- Instructions for the task
Nothing but the lines from the one containing "Set of Modern" through the last line of the data below should be returned, each exactly as it stands, pictures excluded.

- Stored data

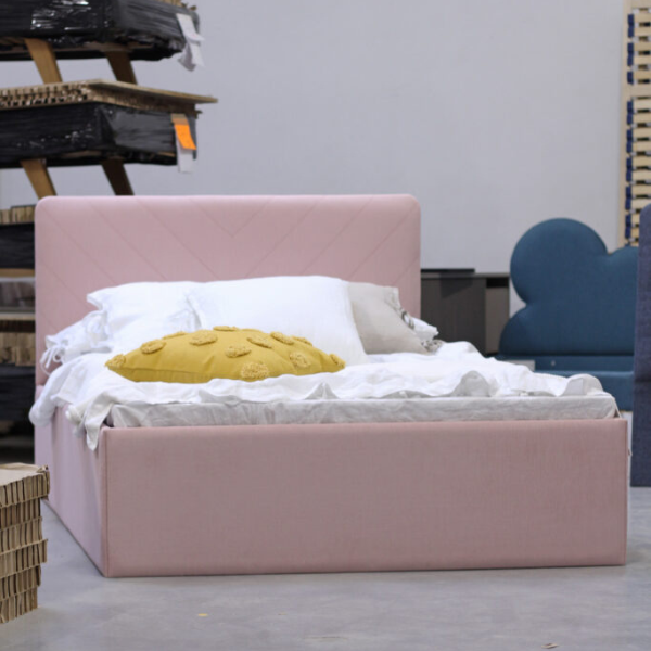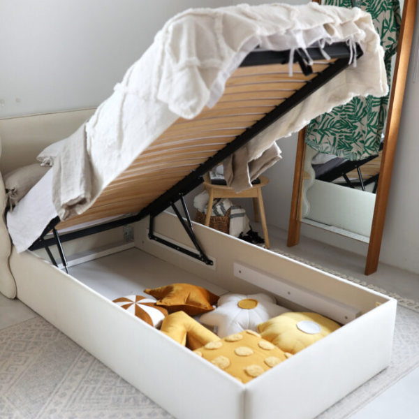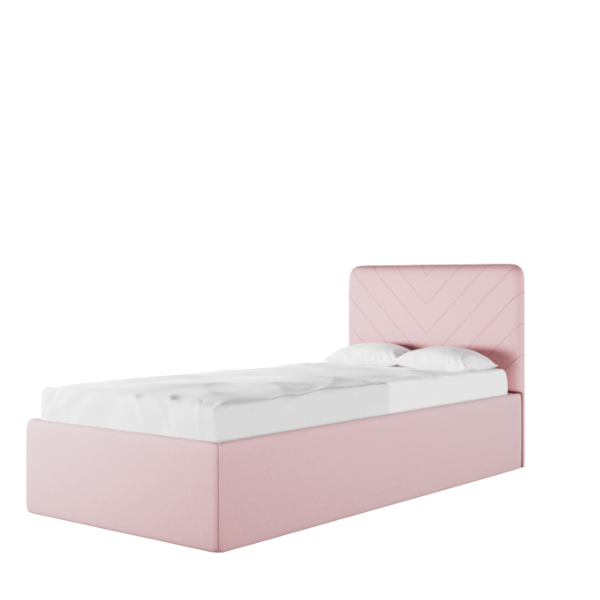 Model oferowany jest w wersji z pojemną, tapicerowaną skrzynią, która może służyć jako praktyczny schowek na pościel, koce czy zabawki. Całość obita jest tą samą tkaniną co zagłówek, co tworzy spójny i elegancki wygląd. W zestawie znajduje się także solidny stelaż z elastycznych listewek, które dopasowują się do materaca, zapewniając dziecku spokojny i zdrowy sen.
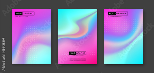 Set of Modern holographic pearl fllow abstract covers. Liquid vector illustration background
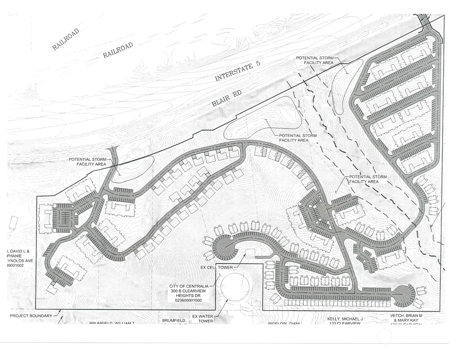 Attention Developers! Property is currently being Annexed into the Centralia City Limits. A Rare Opportunity to obtain 50.77 acres in Centralia Urban Growth Area with mixed residential density from R5A to High Density R15 and some Limited Business District uses. Huge development potential of 300 + doors. Upper parcels have some incredible views! Lots of road, drainage, and groundwork completed. 3 Drilled wells on site. Minutes from freeway, factory outlets and shopping. Location, Location, Location!
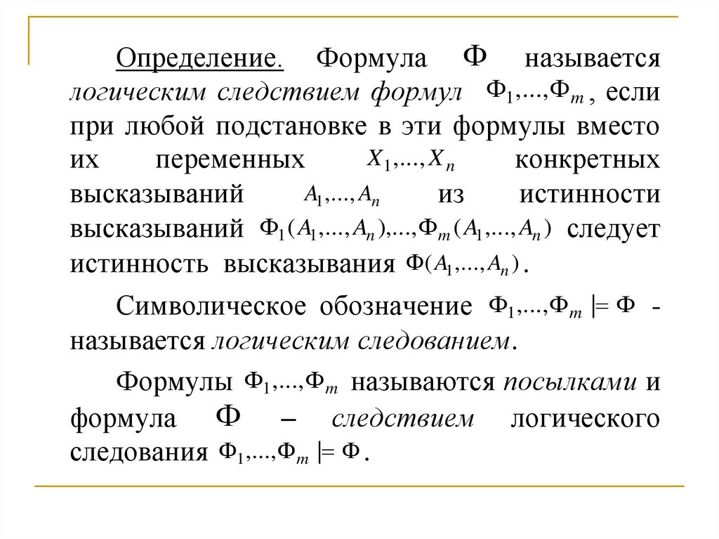 Символическое обозначение 1,..., m | называется логическим следованием.

- Worked solution
 Set of Modern holographic pearl fllow abstract covers. Liquid vector illustration background
 Attention Developers! Property is currently being Annexed into the Centralia City Limits. A Rare Opportunity to obtain 50.77 acres in Centralia Urban Growth Area with mixed residential density from R5A to High Density R15 and some Limited Business District uses. Huge development potential of 300 + doors. Upper parcels have some incredible views! Lots of road, drainage, and groundwork completed. 3 Drilled wells on site. Minutes from freeway, factory outlets and shopping. Location, Location, Location!
 Символическое обозначение 1,..., m | называется логическим следованием.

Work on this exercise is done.